Borimir Karamfilov

Personal information
- Full name: Borimir Asenov Karamfilov
- Date of birth: 13 May 1995 (age 30)
- Place of birth: Devin, Bulgaria
- Height: 1.78 m (5 ft 10 in)
- Position: Midfielder

Team information
- Current team: Marista Milevo
- Number: 14

Youth career
- Botev Plovdiv

Senior career*
- Years: Team / Apps / (Gls)
- 2013–2015: Botev Plovdiv / 0 / (0)
- 2013–2014: → Rakovski (loan) / 10 / (0)
- 2015–2016: Ludogorets II / 14 / (0)
- 2015–2016: Ludogorets / 0 / (0)
- 2016–2017: Oborishte / 21 / (0)
- 2018: Nesebar / 17 / (0)
- 2019: Neftochimic / 22 / (4)
- 2020: Borislav Parvomay
- 2020–2021: Maritsa Plovdiv
- 2021: Spartak Pleven
- 2021–2020: Krumovgrad
- 2022–2024: Spartak Pleven / 61 / (6)
- 2024–2025: Haskovo / 8 / (0)
- 2025–: Marista Milevo

= Borimir Karamfilov =

Bulgarian footballer

Borimir Karamfilov (Bulgarian: Боримир Карамфилов; born 13 May 1995) is a Bulgarian footballer who plays as a midfielder for Marista Milevo.

==Career==

===Botev Plovdiv===
Born in Devin Karamfilov started his career in Botev Plovdiv.
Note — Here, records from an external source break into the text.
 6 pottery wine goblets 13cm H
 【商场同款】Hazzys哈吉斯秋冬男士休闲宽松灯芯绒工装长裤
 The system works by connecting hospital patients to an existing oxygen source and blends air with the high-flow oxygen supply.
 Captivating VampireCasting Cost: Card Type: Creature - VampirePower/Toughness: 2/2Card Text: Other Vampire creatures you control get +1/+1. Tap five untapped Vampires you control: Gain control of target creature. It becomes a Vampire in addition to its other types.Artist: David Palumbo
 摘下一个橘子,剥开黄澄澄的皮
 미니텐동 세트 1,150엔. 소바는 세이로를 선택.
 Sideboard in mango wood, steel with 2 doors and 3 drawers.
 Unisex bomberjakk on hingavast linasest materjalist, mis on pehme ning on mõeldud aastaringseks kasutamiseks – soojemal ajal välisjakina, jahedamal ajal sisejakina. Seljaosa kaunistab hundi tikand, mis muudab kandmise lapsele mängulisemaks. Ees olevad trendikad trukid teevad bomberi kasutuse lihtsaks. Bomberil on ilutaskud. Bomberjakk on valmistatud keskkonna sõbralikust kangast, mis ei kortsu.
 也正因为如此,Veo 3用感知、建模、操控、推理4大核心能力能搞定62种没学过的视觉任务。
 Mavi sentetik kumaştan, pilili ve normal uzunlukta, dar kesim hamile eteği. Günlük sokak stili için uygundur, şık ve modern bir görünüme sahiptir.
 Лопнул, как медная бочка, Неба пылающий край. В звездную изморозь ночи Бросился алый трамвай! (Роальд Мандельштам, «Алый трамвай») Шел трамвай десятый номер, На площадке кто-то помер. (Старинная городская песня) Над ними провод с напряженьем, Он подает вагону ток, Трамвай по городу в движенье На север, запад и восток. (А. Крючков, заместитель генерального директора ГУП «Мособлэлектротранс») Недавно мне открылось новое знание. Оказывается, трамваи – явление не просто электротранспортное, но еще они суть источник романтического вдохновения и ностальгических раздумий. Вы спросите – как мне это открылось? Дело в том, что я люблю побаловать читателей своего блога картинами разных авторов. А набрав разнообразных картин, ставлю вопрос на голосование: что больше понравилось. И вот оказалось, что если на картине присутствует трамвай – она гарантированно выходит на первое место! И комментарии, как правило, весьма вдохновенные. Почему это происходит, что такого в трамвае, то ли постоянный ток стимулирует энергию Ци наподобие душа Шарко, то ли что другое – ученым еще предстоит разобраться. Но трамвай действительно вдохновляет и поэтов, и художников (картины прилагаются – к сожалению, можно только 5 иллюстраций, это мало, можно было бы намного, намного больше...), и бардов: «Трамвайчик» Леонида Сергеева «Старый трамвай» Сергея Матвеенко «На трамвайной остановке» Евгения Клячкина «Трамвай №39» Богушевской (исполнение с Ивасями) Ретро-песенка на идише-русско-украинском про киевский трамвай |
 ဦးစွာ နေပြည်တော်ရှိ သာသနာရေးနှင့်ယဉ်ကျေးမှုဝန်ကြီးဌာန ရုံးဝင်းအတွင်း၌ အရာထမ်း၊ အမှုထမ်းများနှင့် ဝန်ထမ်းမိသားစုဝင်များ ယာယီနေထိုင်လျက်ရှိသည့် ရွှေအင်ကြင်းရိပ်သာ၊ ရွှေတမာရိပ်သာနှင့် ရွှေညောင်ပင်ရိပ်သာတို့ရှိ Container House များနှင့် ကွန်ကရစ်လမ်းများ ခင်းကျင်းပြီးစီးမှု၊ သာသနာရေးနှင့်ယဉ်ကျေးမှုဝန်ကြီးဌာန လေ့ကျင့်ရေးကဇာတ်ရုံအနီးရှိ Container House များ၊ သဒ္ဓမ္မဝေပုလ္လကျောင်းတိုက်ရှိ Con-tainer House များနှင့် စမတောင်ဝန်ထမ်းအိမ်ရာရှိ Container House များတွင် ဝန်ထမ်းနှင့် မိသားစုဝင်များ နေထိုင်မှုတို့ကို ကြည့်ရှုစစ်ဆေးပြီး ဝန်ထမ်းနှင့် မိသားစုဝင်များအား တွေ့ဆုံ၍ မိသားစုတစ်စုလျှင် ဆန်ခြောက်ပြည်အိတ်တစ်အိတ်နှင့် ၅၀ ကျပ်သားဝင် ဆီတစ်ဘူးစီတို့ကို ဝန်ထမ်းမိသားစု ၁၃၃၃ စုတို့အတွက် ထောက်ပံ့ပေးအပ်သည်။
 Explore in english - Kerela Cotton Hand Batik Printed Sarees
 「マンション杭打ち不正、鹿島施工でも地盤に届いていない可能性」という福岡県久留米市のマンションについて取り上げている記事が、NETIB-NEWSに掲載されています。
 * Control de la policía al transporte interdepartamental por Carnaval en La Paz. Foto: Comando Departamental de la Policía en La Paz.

For the 2013/14 season he was sent on loan to Rakovski. For the next season he was part of the first team of Botev. He never made a debut for the team, but scored 9 goals in the U21 League for the team in that season. He left the club in the summer of 2015 to join the Bulgarian champions Ludogorets Razgrad.

===Ludogorets Razgrad===
Borimir joined the 2nd team of Ludogorets - Ludogorets Razgrad II. He made his debut for the team in B Group on 25 July 2015 in a match against Dunav Ruse.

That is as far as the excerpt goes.